Nein Leon,damit ist gemeint,Papiere und Dokumente in Panama,die geeignet sind,über eine nicht existente Firma ( Briefkastenfirma) zu verschleiern,zu waschen,an der Steuer vorbei zu lancieren,und auch Papiere,die an der Börse gehandelt werden,also Wetten auf einen Wert,ob der steigt oder fällt,und diese Papiere in Panama abgerechnet werden,bzw.über diese Briefkastenfirma.

Antwort
von Jokerfac3, 37

Es wurden verschiedenen Zeitungen Daten zugespielt aus denen ersichtlich ist, das viele bekannte Persönlichkeiten ihr Einkommen nicht in ihrem Heimatland versteuert haben, sondern es an ihre Briefkastenfirmen in Panama weitergeleitet haben, um so weniger Steuern zahlen zu müssen.
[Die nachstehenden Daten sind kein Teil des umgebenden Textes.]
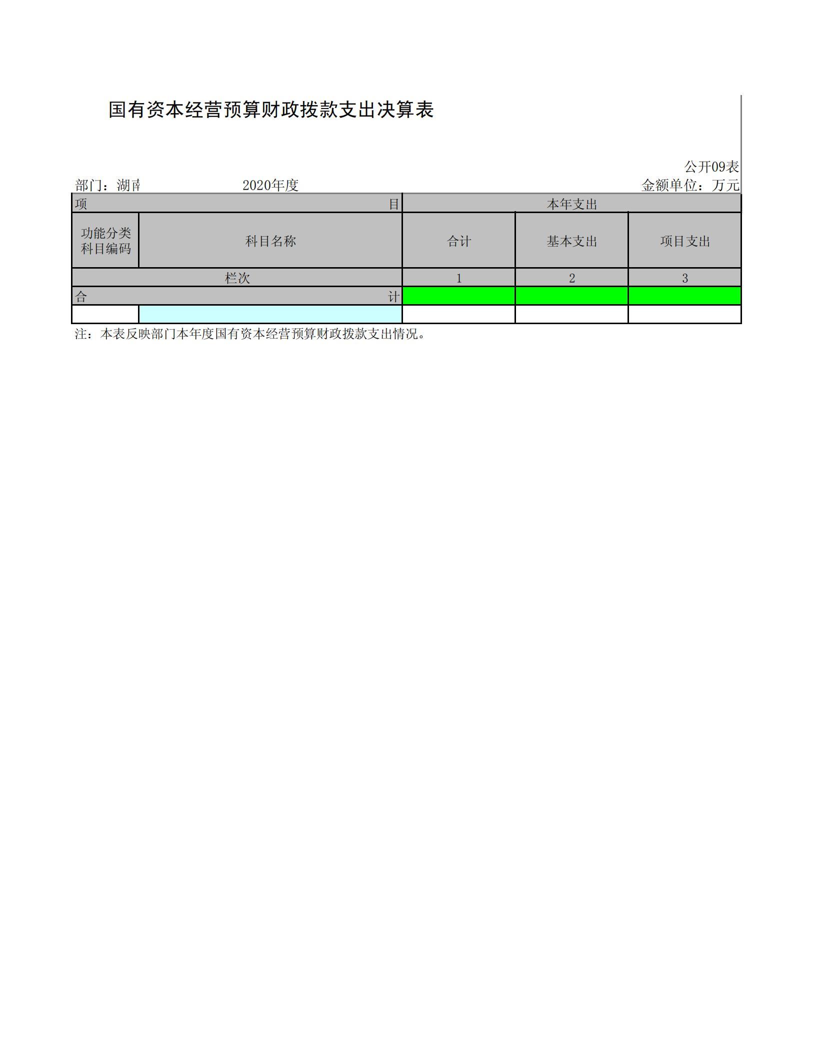 九、国有资本经营预算财政拨款支出决算表
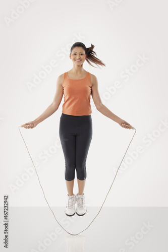 activity, adult, asian, bodycare, casual attire, exercise, exercising, fit, fitness, front view, full-length, health, health care, healthy lifestyle, healthy living, holding, indian, jumping, leisure, lifestyle, mid-air, 1, one person, people, ponytail, portrait, routine, skipping, skipping rope, smiling, activewear, studio shot, vitality, well-being, white background, woman, physical exercise, young adult, image, image, picture, picture, photograph, photograph, photo, photo, photograph
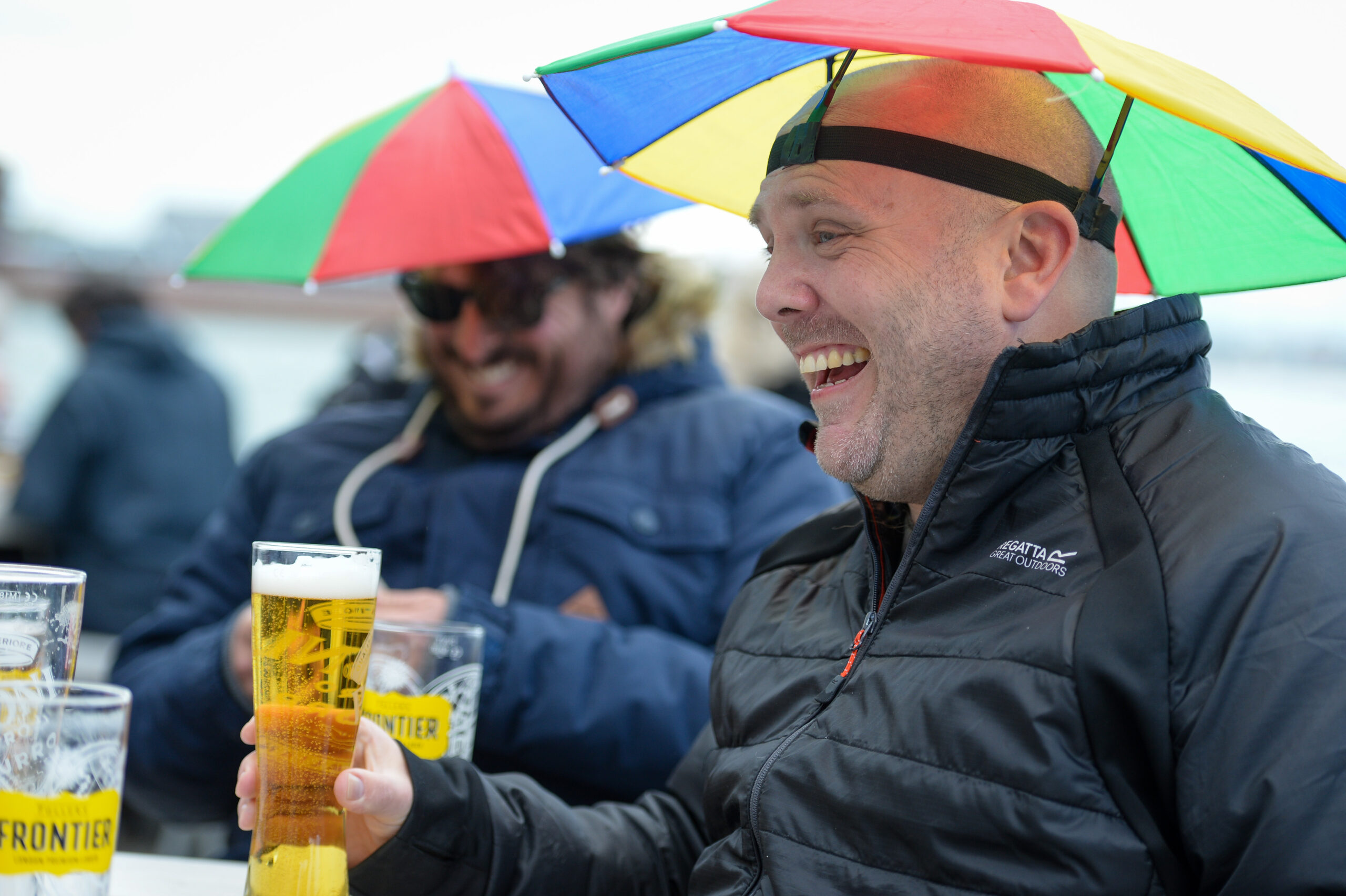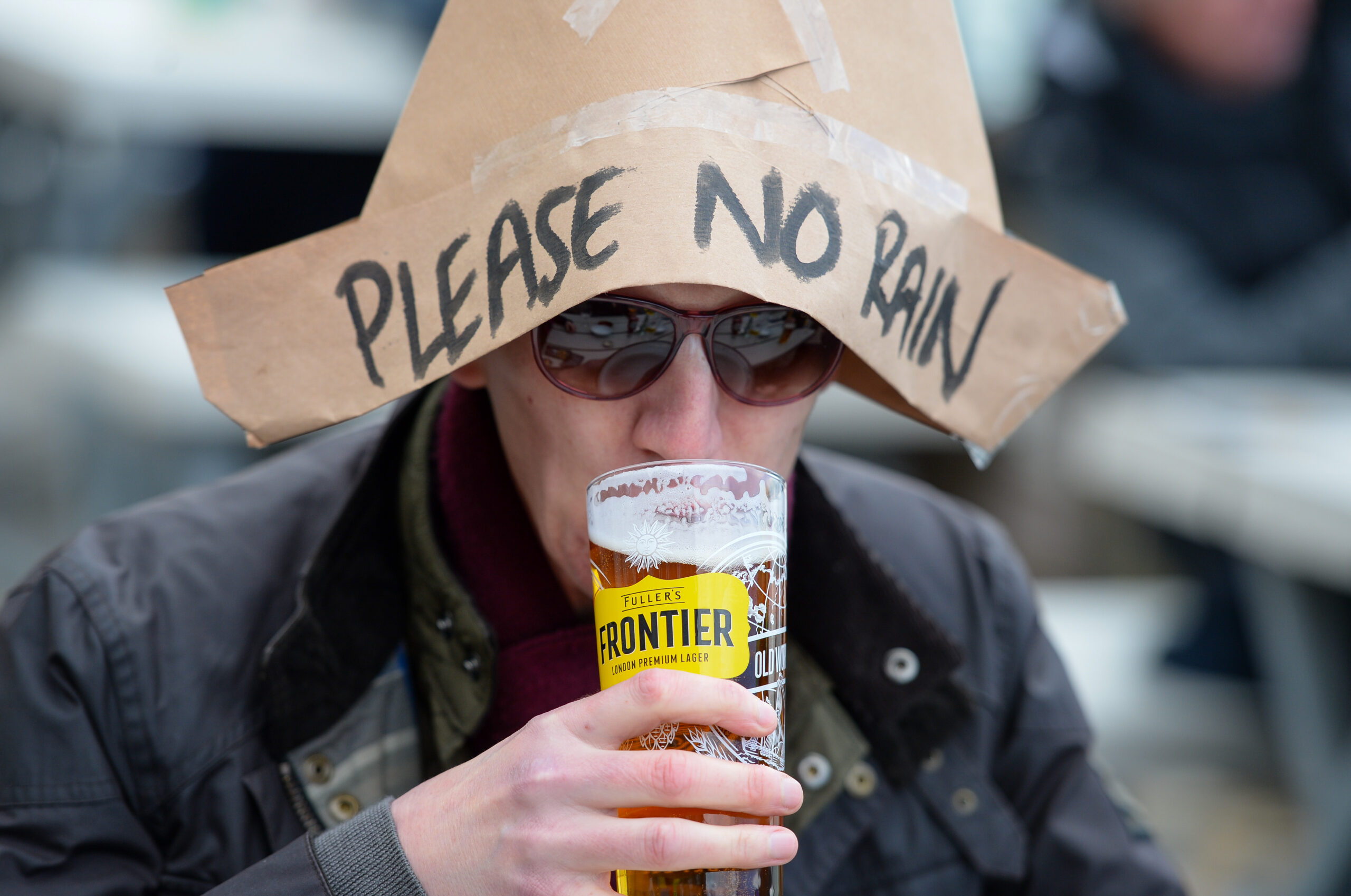 A man wears a ‘Please No Rain’ hat as he enjoys a drink outside at The Still & West pub at Spice Island. Finnbarr Webster/Getty Images.

Das ist eigentlich eine unfaire Methode, da man den Staat um seine Steuern betrügt, aber nicht verboten. 

Kommentar von wfwbinder ,

   Das ist eigentlich eine unfaire Methode, da man den Staat um seine Steuern betrügt, aber nicht verboten. 

Doch, wenn man damit Steuerbetrug macht, ist es verboten.

Wenn man darüber Geschäfte macht, die durch die Konstruktion in Deutschland nicht steuerpflichtig werden, ohne dabei betrügerische Methoden, oder Urkundenfälschung zu begehen, dann ist es erlaubt.

Nicht alles was im Ausland passiert ist nur deshalb Betrug. Wenn z. B. ein Beraterkollege von mir in Luxemburg ein Büro mietet und seine Mandanten in Benelux udn Frankreich von dort aus berät und das auch dort abrechnet, dann ist es legal und die Einkünfte sind hier steuerfrei und unterliegen nur dem Progressionsvorbehalt. Absolut legal udn durch das DBA (Abkommen zur Vermeidung der Doppelbesteuerung auch abgesegnet).